Modify Merchant Cart Panel from checkout page - optional

If the customer updates the merchant cart (e.g., shipping, promo), the KCO panel needs refreshing to reflect changes. Suspend and resume the checkout process.

Address updated

  • Customer changes shipping or selects a different option or adds a discount; KCO events update the merchant panel without full page refreshes.

Complete Checkout & Validation

  • KCO completes checkout; merchant validates order details (stock, cart matching).
  • If no validate URL exists in merchant_url, the order status becomes checkout_complete in KCO. Changes can only be made via KCO Order Management API.
  • Validation (must complete within 3 seconds):
    • If a validate URL is provided (HTTPS), KCO POSTs the order.
    • Status is checkout_incomplete—changes can still be made.
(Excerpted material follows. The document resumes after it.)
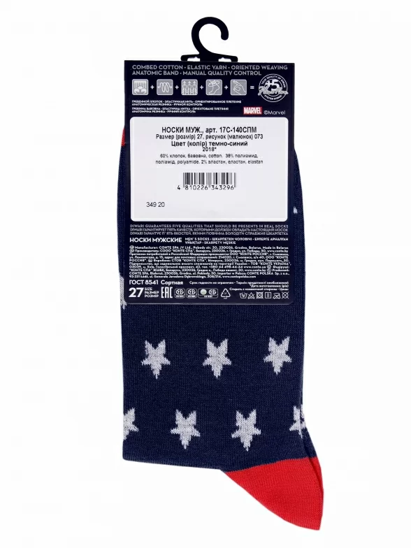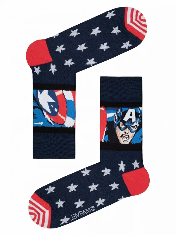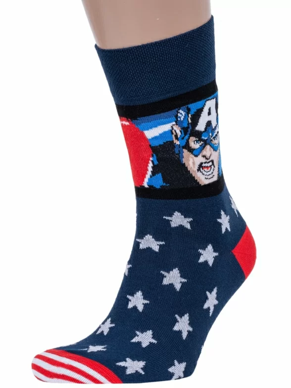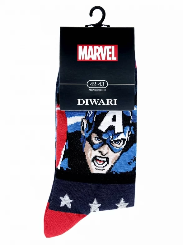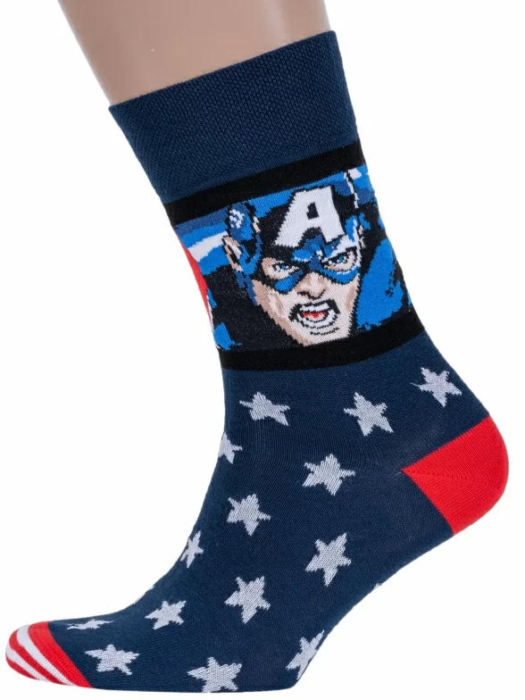 Мужские носки вошли в серию MARVEL от бренда DiWaRi. Станут идеальным подарком для любителей комиксов и Капитана Америки. Связаны из качественного хлопкового волокна. После стирок не теряют яркость цвета и не покрываются катышками.

Typical validation issues:
      • Out-of-stock.
      • Delivery restrictions.
      • Order number generation.
      • Cart/KCO order details mismatch.
    • No KCO PUT/GETs or merchant cart updates.

Confirmation

  • Confirmation URL in merchant_url is called by KCO.
  • KCO updates order status to checkout_complete.
  • Final GET request returns the order.
  • Merchant commits the order to their system.
  • If commit fails, order queues in KCO's Order Management; acknowledged every 4 hours for 48 hours.

Push

  • Once in Order Management, KCO POSTs to push URL in merchant_url every 4 hours for 48 hours.
  • Merchant acknowledges in Order Management.
  • Merchant updates merchant_reference1 (external order ID) in KCO Order Management.
  • Cancel order if not created in merchant system.
  • Shipping and capture using KCO Order Management API.

Address limitations

  • Handles address line truncation exceeding character limits, splitting lines based on abbreviations.
  • Truncates street addresses and handles limited name character counts.
  • Validates and formats phone numbers (E.164 format).
  • Supports 5-digit and 5-4-digit US zip codes.